THE TASK:
Reproduce exactly the lines of this material that begin at the line with "The shift solenoid" and end at the line with "原标题:河南农业大学2026年推荐免试研究生(含直博生)接收办法", both included. Omit the pictures and everything else.
====== SUPPLIED DATA
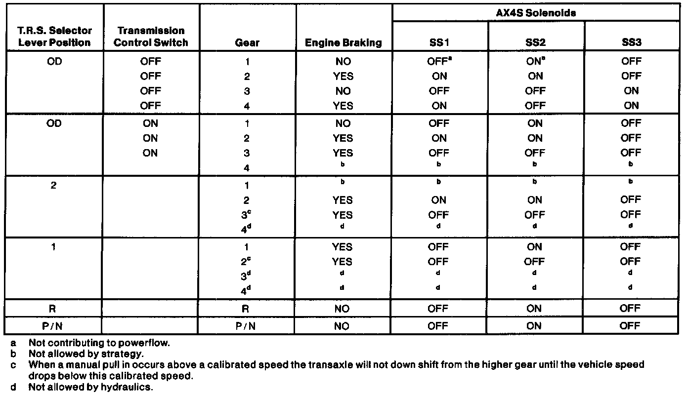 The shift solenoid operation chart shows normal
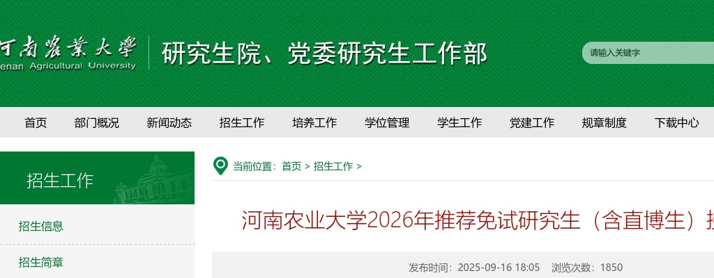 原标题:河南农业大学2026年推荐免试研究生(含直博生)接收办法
============
====== SUPPLIED DATA
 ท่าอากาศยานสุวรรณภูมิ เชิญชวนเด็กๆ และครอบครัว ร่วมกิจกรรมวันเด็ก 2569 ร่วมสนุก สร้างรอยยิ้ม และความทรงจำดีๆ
============
ANSWER FOR THIS EXERCISE:
 The shift solenoid operation chart shows normal
 原标题:河南农业大学2026年推荐免试研究生(含直博生)接收办法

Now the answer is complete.